**WHAT YOU SHOULD DO**
Take the line containing "Natječaj: Odgojitelj/ica predškolske" through the last line of the data and retype those lines exactly. Pictures do not belong in the copy.

Source records

# # # #

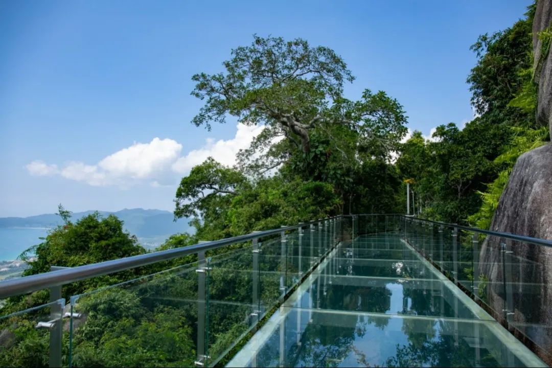 亚龙湾热带天堂森林公园依山傍海,独占山海林热带雨林景观,拥有巨大海景玻璃栈道,多处可以眺望山海景观,天高、云淡、气净、景美,身处其中,零距离贴近大自然,感受人与自然相融的奇妙境界。
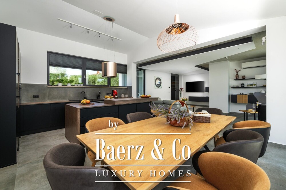 Buiten nodigt het verwarmde zwembad van 50 m² uit tot zwemmen gedurende het hele jaar, terwijl de stranden van de Adriatische Zee op minder dan een kilometer afstand liggen. De ingetogen luxe zet zich voort in de aangelegde tuin met 1.575 m² bouwgrond. De lokale supermarkten van Marčana zijn op loopafstand bereikbaar; de culturele dynamiek van Pula en de internationale luchthaven liggen op ongeveer 30 minuten rijden. Deze villa te koop in Marčana combineert hedendaagse elegantie met optimale privacy tot een zeldzaam Istrisch toevluchtsoord.
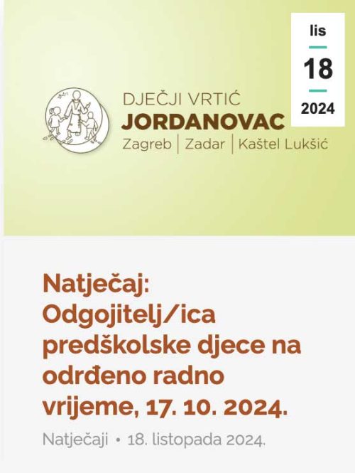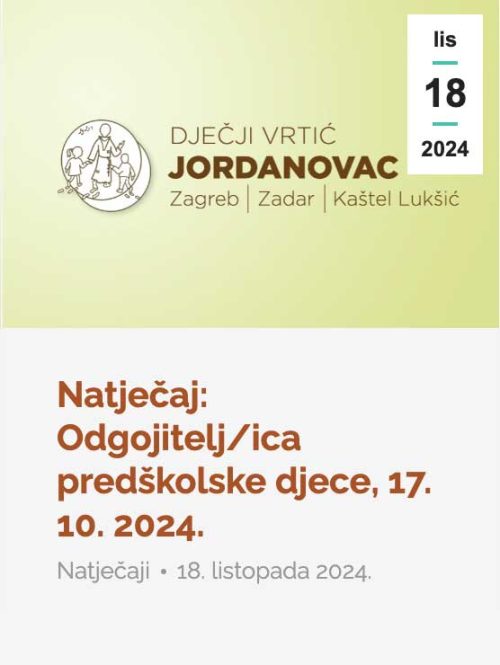 Natječaj: Odgojitelj/ica predškolske djece, 17. 10. 2024.
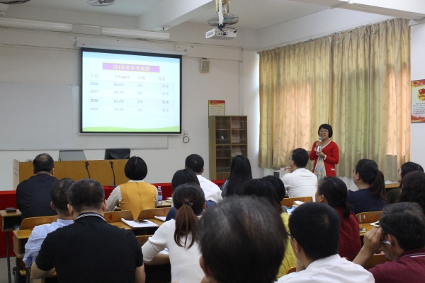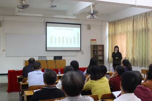 會上,學校教學處副主任許春娜對考試情況作了全面詳盡的分析,她運用具體的數據,對各學科、各班的AB率、ABC率和優生情況深入解析,使老師們從不同的層面和角度對學情有了清晰的了解。她還提出了當前存在問題的解決策略,號召全體教師不忘初心,合作拼搏,扎扎實實求質量。
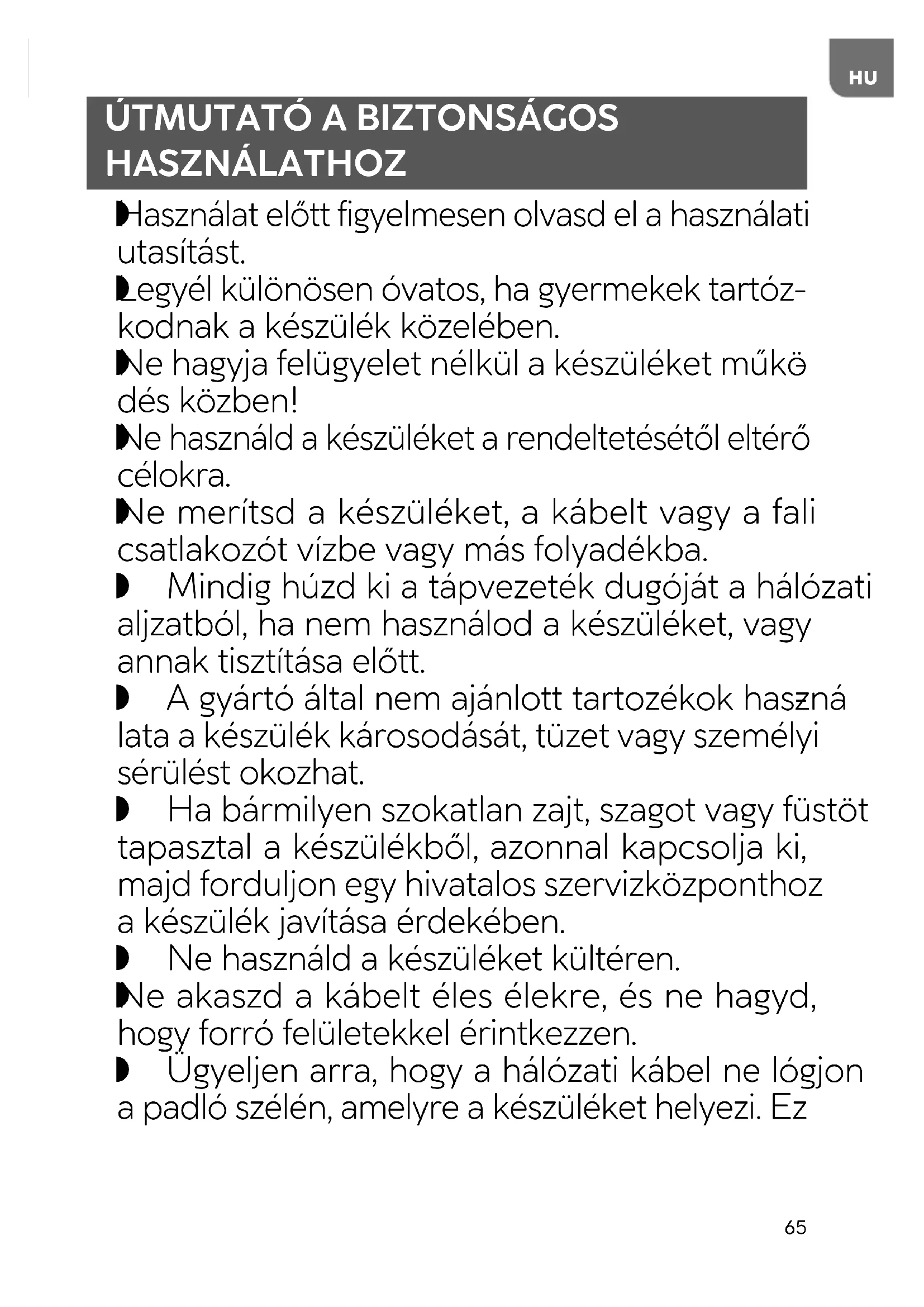 Ne merítsd a készüléket, a kábelt vagy a fali csatlakozót vízbe vagy más folyadékba. Mindig húzd ki a tápvezeték dugóját a hálózati aljzatból, ha nem használod a készüléket, vagy annak tisztítása előtt. A gyártó által nem ajánlott tartozékok haszná

# # # #

**EXERCISE RESULT**
 Natječaj: Odgojitelj/ica predškolske djece, 17. 10. 2024.
 會上,學校教學處副主任許春娜對考試情況作了全面詳盡的分析,她運用具體的數據,對各學科、各班的AB率、ABC率和優生情況深入解析,使老師們從不同的層面和角度對學情有了清晰的了解。她還提出了當前存在問題的解決策略,號召全體教師不忘初心,合作拼搏,扎扎實實求質量。
 Ne merítsd a készüléket, a kábelt vagy a fali csatlakozót vízbe vagy más folyadékba. Mindig húzd ki a tápvezeték dugóját a hálózati aljzatból, ha nem használod a készüléket, vagy annak tisztítása előtt. A gyártó által nem ajánlott tartozékok haszná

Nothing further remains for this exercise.